Average latency told a similar story, with the Memblaze showing 0.8ms in at the beginning of the test, and reaching a steady-state around 1.5ms for top spot on the leaderboard. The Intel drive wasn’t far behind, with 1.6ms.
When looking at max latency, the Memblaze drive was by far the least consistent drive, showing a huge latency spikes throughout, similar to that of our 4K preconditioning results. The most consistent drive here was the Intel P3700.
Standard deviation showed pretty inconsistent results across the board during the first portion of the test. Again, the Intel P3700 showed the best results, as it only peaked over the 1.2ms on a handful of occasions, while the Memblaze performed fairly close (but a bit better) to the Samsung drive during most of the test.
After we fully preconditioned the Intel P3700 drive, we put it through our main 8k 70/30 test. In throughput, the Intel drive showed the best throughput throughout the majority of the test only to fall behind the Memblaze at the last queue depth surpassing, which surpassed 166,250 IOPS.
Average latency mirrored the throughput results, with the Intel and Memblaze drives performing neck and neck to until the very even, where the Memblaze just pulled away again in the terminal once again to take the lead.
Looking at max latency showed the Memblaze with the slowest latency, peaking over 70ms in the terminal queue depths. The Intel drive had the best overall results, as it only surpassed the 20ms mark on a handful of occasions. The Samsung XS1715, however, boasted the most consistent results with the least amount of latency spikes.

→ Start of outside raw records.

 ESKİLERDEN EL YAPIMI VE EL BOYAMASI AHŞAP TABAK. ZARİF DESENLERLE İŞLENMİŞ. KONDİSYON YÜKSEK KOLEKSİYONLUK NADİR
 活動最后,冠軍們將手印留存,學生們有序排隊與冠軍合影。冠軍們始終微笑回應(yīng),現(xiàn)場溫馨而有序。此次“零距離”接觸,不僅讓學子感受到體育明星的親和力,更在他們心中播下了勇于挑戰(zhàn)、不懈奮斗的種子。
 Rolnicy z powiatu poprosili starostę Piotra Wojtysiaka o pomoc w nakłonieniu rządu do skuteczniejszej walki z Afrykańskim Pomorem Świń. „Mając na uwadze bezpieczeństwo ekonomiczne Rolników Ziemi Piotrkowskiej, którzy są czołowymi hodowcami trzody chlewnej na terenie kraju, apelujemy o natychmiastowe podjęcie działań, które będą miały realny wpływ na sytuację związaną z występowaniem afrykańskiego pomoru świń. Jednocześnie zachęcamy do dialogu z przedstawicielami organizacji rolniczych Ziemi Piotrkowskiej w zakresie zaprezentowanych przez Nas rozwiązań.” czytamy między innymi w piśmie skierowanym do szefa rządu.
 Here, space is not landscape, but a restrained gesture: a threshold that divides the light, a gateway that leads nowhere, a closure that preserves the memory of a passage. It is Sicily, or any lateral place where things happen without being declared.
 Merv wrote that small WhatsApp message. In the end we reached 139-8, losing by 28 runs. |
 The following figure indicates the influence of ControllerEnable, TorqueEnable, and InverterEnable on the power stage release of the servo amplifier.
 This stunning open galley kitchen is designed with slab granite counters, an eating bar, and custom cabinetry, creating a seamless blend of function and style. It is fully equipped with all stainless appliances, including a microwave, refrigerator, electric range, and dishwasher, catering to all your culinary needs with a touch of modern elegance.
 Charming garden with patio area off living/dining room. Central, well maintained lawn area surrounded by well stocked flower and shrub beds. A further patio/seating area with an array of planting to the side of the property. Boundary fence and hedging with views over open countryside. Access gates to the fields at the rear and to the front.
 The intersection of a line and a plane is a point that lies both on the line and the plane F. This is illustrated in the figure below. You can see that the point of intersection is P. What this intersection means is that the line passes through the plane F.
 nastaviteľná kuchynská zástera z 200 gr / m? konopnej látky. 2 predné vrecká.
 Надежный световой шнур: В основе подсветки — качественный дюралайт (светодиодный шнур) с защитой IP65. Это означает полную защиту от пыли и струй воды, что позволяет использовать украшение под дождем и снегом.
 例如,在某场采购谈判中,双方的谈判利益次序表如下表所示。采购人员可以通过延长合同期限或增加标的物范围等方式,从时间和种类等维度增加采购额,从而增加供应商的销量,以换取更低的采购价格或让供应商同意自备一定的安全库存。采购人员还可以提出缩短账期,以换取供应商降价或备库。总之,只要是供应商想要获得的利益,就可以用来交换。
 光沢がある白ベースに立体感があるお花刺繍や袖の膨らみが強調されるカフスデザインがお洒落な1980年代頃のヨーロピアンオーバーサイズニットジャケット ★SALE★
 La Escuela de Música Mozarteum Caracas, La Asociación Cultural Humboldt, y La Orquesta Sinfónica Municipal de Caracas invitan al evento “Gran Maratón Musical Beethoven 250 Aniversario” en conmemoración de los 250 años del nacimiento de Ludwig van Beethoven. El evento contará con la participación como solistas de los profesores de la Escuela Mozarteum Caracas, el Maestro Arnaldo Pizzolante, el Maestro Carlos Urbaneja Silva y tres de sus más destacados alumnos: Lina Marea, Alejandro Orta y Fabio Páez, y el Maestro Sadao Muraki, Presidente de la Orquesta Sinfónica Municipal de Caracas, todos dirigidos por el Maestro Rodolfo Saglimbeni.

Standard deviation demonstrated near identical performance between the Intel and Memblaze drives, all the way to the end of the test; however, the Intel drive pulled away around the 16T8Q mark, posting the best overall results.
The PBlaze name is known as a vehicle for Memblaze to start with third party controllers and NAND in order to focus their own engineering efforts on proprietary performance, reliability, and host CPU offloading technologies. In this case, PMC Flashtec controllers and Toshiba MLC NAND provide the basic NVMe interface and storage components for the PBlaze4. With hot swap functionality (for the 2.5-inch variant) and robust power loss protection across the board, the PBlaze4 features the kind of data protection that data center and enterprise clients are coming to expect. Its thermal throttling and new Memblaze out of band management functionality also increase the variety of applications possible at large scales.
The Memblaze PBlaze4 certainly had a good showing for the most part during our tested workloads when we put it against the Samsung XS1715 1.6TB and Intel SSD DC P3700 NVMe SSDs. In our SQL Server test, the Memblaze drive boasted 3,157.235 TPS as well as an aggregate of 3,157.112 TPS while showed the Memblaze drive just slightly behind the Samsung and Intel SSDs (both of which posted 7.0ms) with an aggregate of 7.5ms. In our Sysbench tests, we saw impressive performance with a top TPS of 5,717.2 TPS, an aggregate average latency of 22.38ms, and a worst case (99th percentile) VMs running between 58.03ms and 58.00ms.
During our main Synthetic benchmarks, the Memblaze drive posted an impressive 4k throughput of 717,172 IOPS (while reaching 148,111 IOPS write). Looking at average latency, the Memblzae boasted an impressive 0.36ms read and 1.73ms write, while leading boasting max latency/standard deviation read performance of 6.9ms read and 0.195ms, respectively. Performance remained very good during our 8k 70/30 workloads, as it boasted peak throughput with that surpassed 166,250 IOPS as well as the best average latency of the tested drives; however, it performed poorly in max latency readings.
- Impressive performance during our main synthetic workloads
- Ranks high in application performance
- Slightly slower SQL server performance
The Memblaze PBlaze4 NVMe SSD offers terrific performance in a 2.5” form factor that would be ideal for hyperscale data centers.